**PROVIDED DATA**:
BEGIN

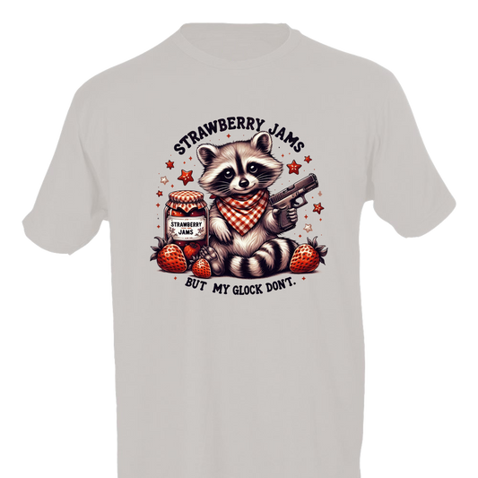 Strawberry Jams But My Glock Don't Funny Raccoon T-Shirt
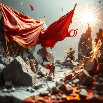 Epic thrash sympho-power metal opera explodes with rapid, intricate double-kick drumming, layered distorted guitars, and a cinematic orchestra: soaring strings, brass, choirs, and dramatic percussion, Male and female vocals exchange operatic lines and harmonize in climactic choruses, each playing defined characters, Unpredictable time changes, grand organ chants, and intense instrumental breaks build relentless tension and drama, finishing with a massive orchestral finale, heavy guitar solos, neoclassical solos, dark
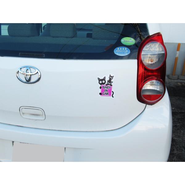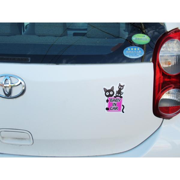 Baby in car/車/マグネットシート/猫/赤ちゃん乗ってます/乗車中/ピンク/外貼り/ステッカー/baby on board

END

**WORK TASK**: Repeat the lines above precisely and skip every picture.

**OUTPUT OF THE EXERCISE**:
 Strawberry Jams But My Glock Don't Funny Raccoon T-Shirt
 Epic thrash sympho-power metal opera explodes with rapid, intricate double-kick drumming, layered distorted guitars, and a cinematic orchestra: soaring strings, brass, choirs, and dramatic percussion, Male and female vocals exchange operatic lines and harmonize in climactic choruses, each playing defined characters, Unpredictable time changes, grand organ chants, and intense instrumental breaks build relentless tension and drama, finishing with a massive orchestral finale, heavy guitar solos, neoclassical solos, dark
 Baby in car/車/マグネットシート/猫/赤ちゃん乗ってます/乗車中/ピンク/外貼り/ステッカー/baby on board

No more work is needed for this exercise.